No podía permitir que Rohoeven volviese a poner la orden sobre el circo. Tenía que salir de La Belle de Mai y esa era la oportunidad. Además era obvio que el Doctor Moore planeaba deshacerse del cuerpo de Manuel, y ahora que el detective lo había descubierto, podría significar muchos más inconvenientes, así que dejé el bastón en el suelo, cuidadosamente levanté el enorme bloque de concreto y lo dejé caer sobre la cabeza del distraído Rohoeven quien seguía escuchando el latir del corazón de Manuel. La cabeza del detective se había reventado al igual que el pecho de Manuel, la sangre y las vísceras habían volado en todas las direcciones y la expresión de Moore lo decía todo: Era increíble.

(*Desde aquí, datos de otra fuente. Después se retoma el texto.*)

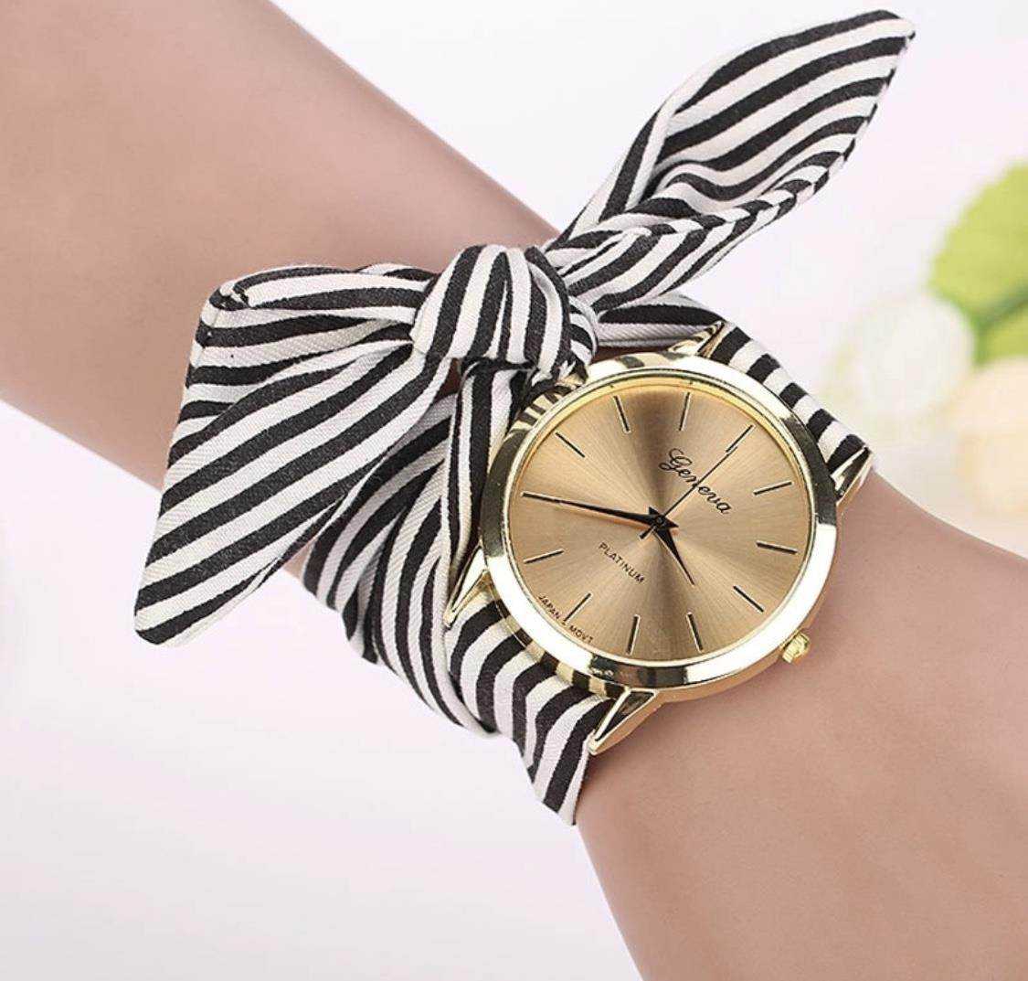 Тонкий ремешок. Изысканные миниатюрные часики с тонким ремешком придутся по душе поклонницам элегантных и женственных луков. Сам ремешок может быть изготовлен из кожи, металла или силикона. Будут востребованы и модели часов с длинным ремешком, который можно обмотать вокруг запястья несколько раз.

Como si fuera un reflejo, ambos nos quitamos la ropa ensangrentada, utilizamos el interior de ésta para limpiarnos y envolvimos los restos de los dos cadáveres, luego utilizamos la soga para atarlos y los llevamos al borde del acantilado sobre el que golpeaban las olas con decisión, atamos el otro extremo de la soga al bloque de concreto y los empujamos. Los cuerpos se perdieron de inmediato en el mar y la marea lavó con rápidamente el rastro de sangre que soltaban los cuerpos.

“Tommy y su hermana están con Luzhin. Confían que yo estoy tratando de salvar la vida de Manuel, pero evidentemente no iba a tener éxito. Tanto tú como yo sabemos que esto es por el futuro del circo… por nuestro futuro, y aquí, en La Belle de Mai no hay futuro.

Vamos a cambiarnos y luego hablaremos con todos… tenemos que planear bien nuestra coartada”.

Las palabras del Doctor Moore se agolpaban con torpeza en su boca, se veía más humano, cansado. Carraspeó y me miró de soslayo.

“Creo que con lo que sucedió podrás entender lo que tuvimos que hacer con Amelia…

Ve y prepara tus cosas, Theo. Tenemos que salir de aquí”.